I am trying to migrate Limn graphs to our own handling. Currently Zero graphs are generated as Limn dashboards, and after I applied this filter (taken from the HQL for counting article pageviews), i got matching (about 10% discrepancy) between our graphs and limn. Yet, one partner has discrepancy of 10 times, and I would like to see where that mismatch comes from. I looked at https://github.com/wikimedia/analytics-wp-zero but it seems there is other code that's missing from that repo. Any suggestions are welcome. Thanks!
WHERE webrequest_source IN ('text', 'mobile') AND year=${year} AND month=${month} AND day=${day} AND x_analytics LIKE '%zero=%' AND SUBSTR(uri_path, 1, 6) = '/wiki/' AND ( ( SUBSTR(ip, 1, 9) != '10.128.0.' AND SUBSTR(ip, 1, 11) NOT IN ( '208.80.152.', '208.80.153.', '208.80.154.', '208.80.155.', '91.198.174.' ) ) OR x_forwarded_for != '-' ) AND SUBSTR(uri_path, 1, 31) != '/wiki/Special:CentralAutoLogin/' AND http_status NOT IN ( '301', '302', '303' ) AND uri_host RLIKE '^[A-Za-z0-9-]+(\.(zero|m))?\.[a-z]*\.org$' AND NOT (SPLIT(TRANSLATE(SUBSTR(uri_path, 7), ' ', '_'), '#')[0] RLIKE '^[Uu]ndefined$')
Hi Yuri,
On Mon, Nov 17, 2014 at 10:28:50PM +0200, Yuri Astrakhan wrote:
I looked at https://github.com/wikimedia/analytics-wp-zero but it seems there is other code that's missing from that repo. Any suggestions are welcome.
The remaining code is in
https://gerrit.wikimedia.org/r/#/admin/projects/analytics/kraken
.
But as we discussed before, we had to do quite some firefighting around the relevant parts, and the code has not fully flowed back into the master branches.
I pushed the deployed code to https://git.wikimedia.org/tree/analytics%2Fkraken.git/refs%2Fheads%2Fqchris%... and https://git.wikimedia.org/tree/analytics%2Fwp-zero.git/refs%2Fheads%2Fqchris... so you can look yourself. But be warned that the code has many issues, as we have discussed many times before.
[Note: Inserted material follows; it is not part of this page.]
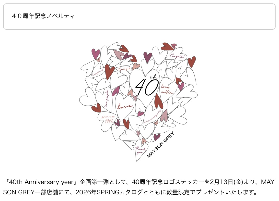 株式会社ジャヴァコーポレーション 【MAYSON GREY(メイソングレイ)40th Anniversary】 ブランド創立40周年の特別な時を迎えて。 アニバーサリーキャンペーン第一弾として「40周年記念ロゴステッカー」をご用意いたしました。 (2026.1)

And since you said that you'll handle the graphs, the kraken code did not see much love.
On the processing side, the main entrance points are: https://git.wikimedia.org/blob/analytics%2Fkraken.git/91a5fc00acbdb13f81cd42... https://git.wikimedia.org/blob/analytics%2Fkraken.git/91a5fc00acbdb13f81cd42...
On the definition side, I guess the most relevant part is
http://git.wikimedia.org/blob/analytics%2Fkraken.git/91a5fc00acbdb13f81cd421...
WHERE webrequest_source IN ('text', 'mobile')[...]
This HiveQL snippet you pasted looks like it's coming from the Hive re-implementation webstatscollector pageview definition. However, the webstatscollector pageview definition, does not match Kraken's pageview definitions.
So I would not expect them to agree in first place. Difference of 10-times is pretty bad. But both definitions are bad in so many ways. So it can easily happen that one of the shortcomings of one of the two definitions just skews numbers considerably.
I hope the above code pointers get you started.
Have fun, Christian
[1] https://git.wikimedia.org/blob/analytics%2Frefinery.git/fd54d68a586f081cc9a7...